Ознакомительная версия.
В Конституциях святой придает первостепенное значение подобающим средствам сохранения и развития Общества, тем, которые «объединяют орудие с Богом и приспосабливают его к руке Его», и «особенно братской любви и чистоте намерений в служении Богу, а также близости к Богу в духовных упражнениях благочестия»[153]. Сам он, как мы видели, не только посвящал в Манресе по семь часов в день молитве, но и в конце своей жизни, в Риме, в 1555 г. по-прежнему уделял ей по два часа ежеутренне после служения или посещения мессы, не говоря уже о других молитвах[154].
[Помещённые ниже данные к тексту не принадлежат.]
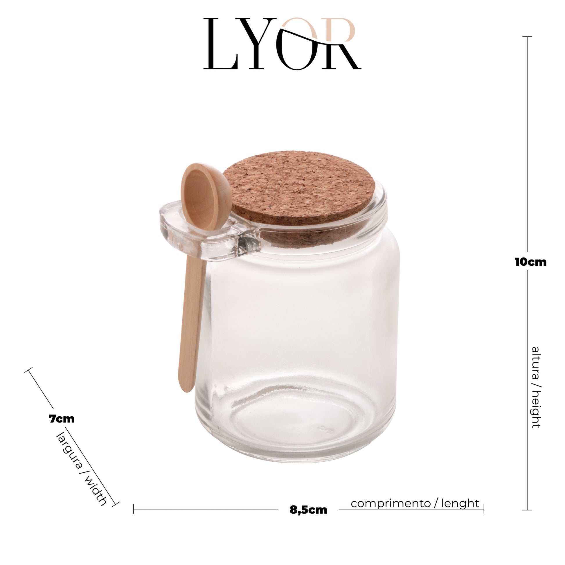 Pote de Vidro Com Colher Bambu e Tampa Rolha 240ml

В программах подготовки, которые он наметил для послушников, как и в его практической деятельности на первом месте стоят experimenta, испытания, среди которых первое место занимают Упражнения. Но мы не видим, чтобы помимо них для этих послушников предусматривались или проводились более долгие молитвы, предназначенные для того, чтобы привить им привычку к молитве мысленной. Таким образом, представляется, что Игнатий считал, что эти Упражнения с различными их образами совершения молитвы сами по себе составляют достаточное введение в молитву, благодаря которому молодые монашествующие, если только они поистине подвергнут умерщвлению свои страсти и обретут твердое основание в деле самоотречения, без труда смогут находить Бога во всем, по излюбленному его выражению.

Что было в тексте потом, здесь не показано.